= Lucky Records =

Lucky Records is the name of several different record labels.

== Lucky Records – Tokyo ==
Lucky Records of the 1930s was a record label based in Tokyo, Japan, which specialized in issuing American popular music to the Japanese audience.

Lucky was founded in November 1934 by the Lucky Record Co. Tokyo, owned by the Saito Shoten cotton importing business. It made arrangements with the American Record Corporation to issue material from ARC labels in Japan. Its most successful imports were the recordings of Bing Crosby. Many of the other Lucky Records issues are surprisingly eclectic, including recordings by Eddie Condon, Red Allen, Cab Calloway and Duke Ellington, but also rural southern blues records otherwise unissued outside of the United States in the era (and in the US mostly restricted to labels catering to the African American market). Lucky issues also included accordion bands, Hawaiian music, calypso music and Argentine tangos. It is unclear if this material was specifically selected, or if some was simply chosen at random by someone at either Lucky or ARC.

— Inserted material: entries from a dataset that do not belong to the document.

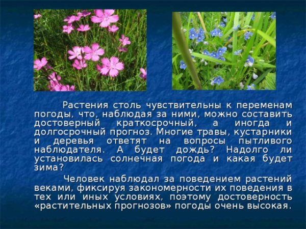 Растения-предсказатели погоды - это удивительные растения, которые способны предсказывать изменение погоды на основе своего поведения. Они реагируют на различные климатические условия, меняя свою форму, цвет или даже закрывая листья. Такие растения стали не только интересным объектом изучения для ученых, но и популярными среди любителей природы, которые используют их сигналы для предсказания погоды. Наблюдать за этими растениями не только увлекательно, но и полезно, ведь они могут помочь подготовиться к грядущим изменениям в погоде.
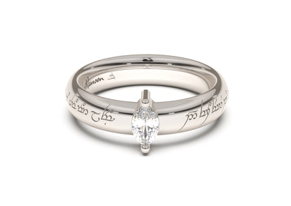 The engraving is often what truly gives a ring its meaning. You can choose your own Elvish (or any other language) engraving for both inside and outside the ring.The Elvish Love Poem fits perfectly on the outside of the ring:One ring to show our love,One ring to bind us,One ring to seal our love,And forever to entwine us.
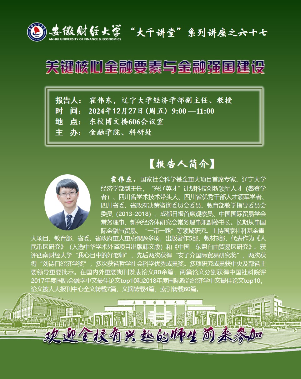 2024年12月27日:【“大千讲堂”系列讲座之六十七】关键核心金融要素与金融强国建设
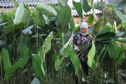 Người dân Trang Cát đang hối hả thu hoạch nốt những tàu lá dong cuối cùng để bán vụ Tết.
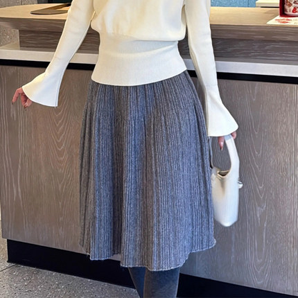 欧货高端定制高级灰针织大码半身裙女2026早春新款温柔风A字裙子
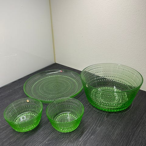 Myydään Iittalan kastehelmen siniset tarjoiluastiat. Tarjoilulautasen halkaisija 25 cm, pienen kulhon halkaisija 15 cm ja korkeus 8 cm.
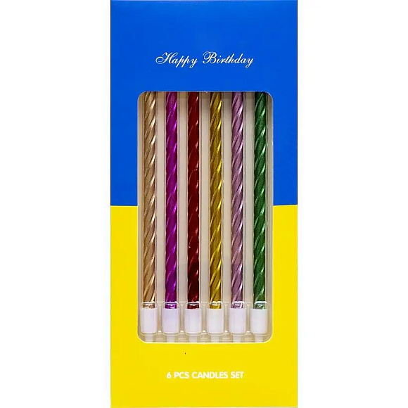 Опис Свічки для торту спіраль "Металік асорті " 6шт в уп
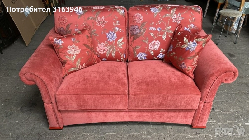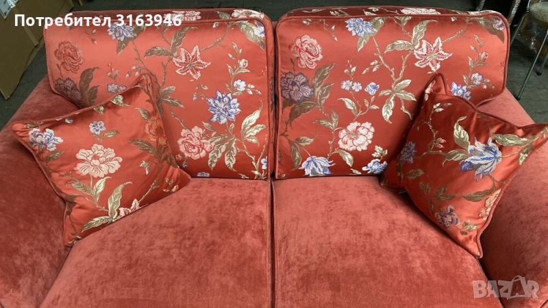 Елегантен ръчно изработен диван от престижната немска марка Schröno – символ на високо качество и неподвластен на времето дизайн. Отличава се с мека тапицерия в кадифено червен цвят, допълнена от декоративни възглавници и гръб с флорален десен. Формата с извитите подлакътници и солидната конструкция подчертават класическия характер на модела.
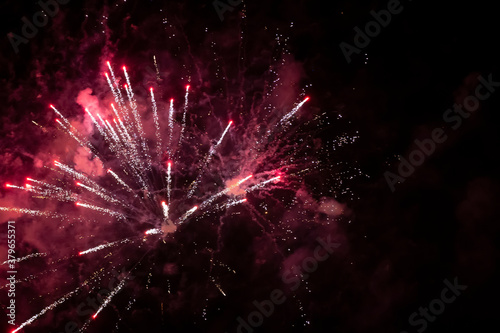 Festive background explosion of fireworks and red smoke.
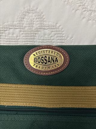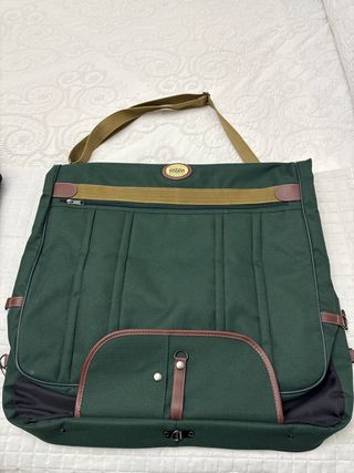 Portatrajes de la marca Rossana, ideal para llevar tu ropa de forma organizada y protegida. - Diseño elegante en tonos verde y marrón. - Correa ajustable para mayor comodidad.
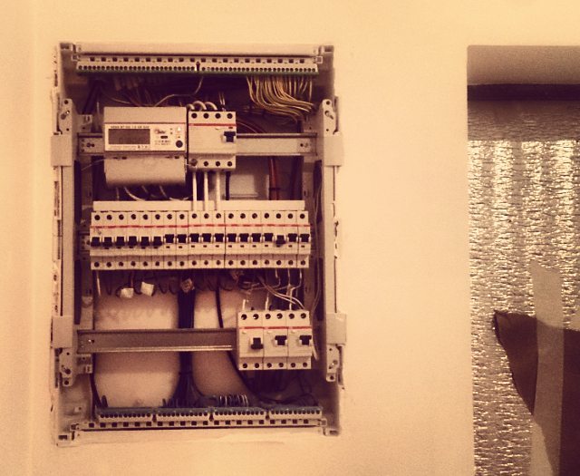 Укладка теплого пола шнуром, слаботочный щит, силовой щит, пример скрутки луженой

== Lucky Records – Los Angeles ==
Lucky Records of the 1950s was a Los Angeles–based label run by John Dolphin.

== Lucky Records – Bootlegs ==
Lucky Records of the 1960s and 1970s was a bootleg label, issuing recordings of live performances of noted rock & roll artists (including Elvis Presley and Bob Dylan) on vinyl records.

== Lucky Records – Seattle ==
Lucky Records of the 1990s, described by one website as "Canadian surf and rock'n'roll", is based in Seattle, Washington, US.